[EXERCISE MATERIAL — start]
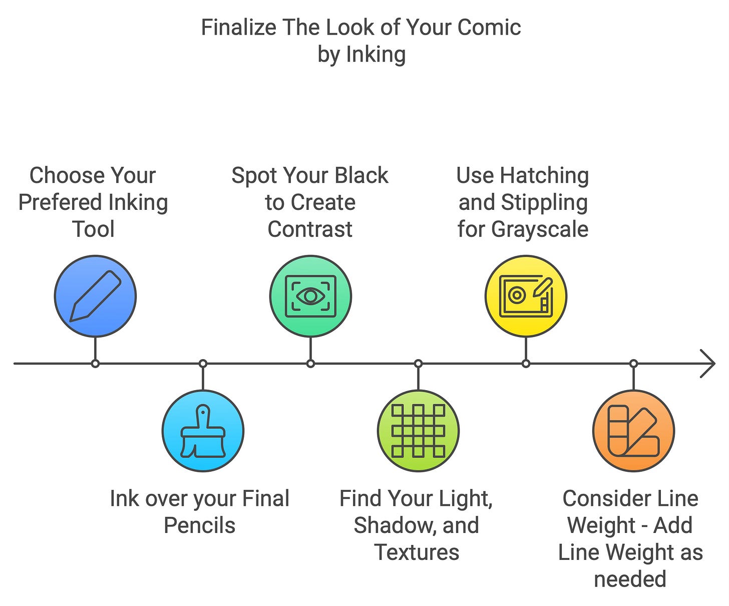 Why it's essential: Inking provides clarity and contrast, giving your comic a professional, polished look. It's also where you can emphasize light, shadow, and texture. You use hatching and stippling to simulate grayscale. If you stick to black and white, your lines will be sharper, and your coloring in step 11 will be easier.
[EXERCISE MATERIAL — finish]
[EXERCISE MATERIAL — start]
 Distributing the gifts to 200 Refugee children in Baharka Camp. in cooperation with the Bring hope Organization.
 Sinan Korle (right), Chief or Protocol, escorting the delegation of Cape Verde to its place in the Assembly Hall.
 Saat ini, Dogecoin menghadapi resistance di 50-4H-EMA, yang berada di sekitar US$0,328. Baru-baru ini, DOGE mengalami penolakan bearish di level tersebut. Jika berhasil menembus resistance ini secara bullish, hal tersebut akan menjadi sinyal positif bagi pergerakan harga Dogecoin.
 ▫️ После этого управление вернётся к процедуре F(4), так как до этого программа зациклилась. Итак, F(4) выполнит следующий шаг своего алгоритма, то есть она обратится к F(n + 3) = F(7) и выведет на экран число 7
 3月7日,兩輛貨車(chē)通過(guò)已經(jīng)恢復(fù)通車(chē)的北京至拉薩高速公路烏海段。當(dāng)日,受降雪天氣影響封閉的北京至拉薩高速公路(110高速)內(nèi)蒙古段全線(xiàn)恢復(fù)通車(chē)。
[EXERCISE MATERIAL — finish]
- [WHAT YOU HAVE TO DO]: Retype word for word everything in the listing above from the line that holds "Sinan Korle (right), Chief" down to the line that holds "3月7日,兩輛貨車(chē)". Keep both end lines and leave out the rest.

- [COMPLETED EXERCISE]:
 Sinan Korle (right), Chief or Protocol, escorting the delegation of Cape Verde to its place in the Assembly Hall.
 Saat ini, Dogecoin menghadapi resistance di 50-4H-EMA, yang berada di sekitar US$0,328. Baru-baru ini, DOGE mengalami penolakan bearish di level tersebut. Jika berhasil menembus resistance ini secara bullish, hal tersebut akan menjadi sinyal positif bagi pergerakan harga Dogecoin.
 ▫️ После этого управление вернётся к процедуре F(4), так как до этого программа зациклилась. Итак, F(4) выполнит следующий шаг своего алгоритма, то есть она обратится к F(n + 3) = F(7) и выведет на экран число 7
 3月7日,兩輛貨車(chē)通過(guò)已經(jīng)恢復(fù)通車(chē)的北京至拉薩高速公路烏海段。當(dāng)日,受降雪天氣影響封閉的北京至拉薩高速公路(110高速)內(nèi)蒙古段全線(xiàn)恢復(fù)通車(chē)。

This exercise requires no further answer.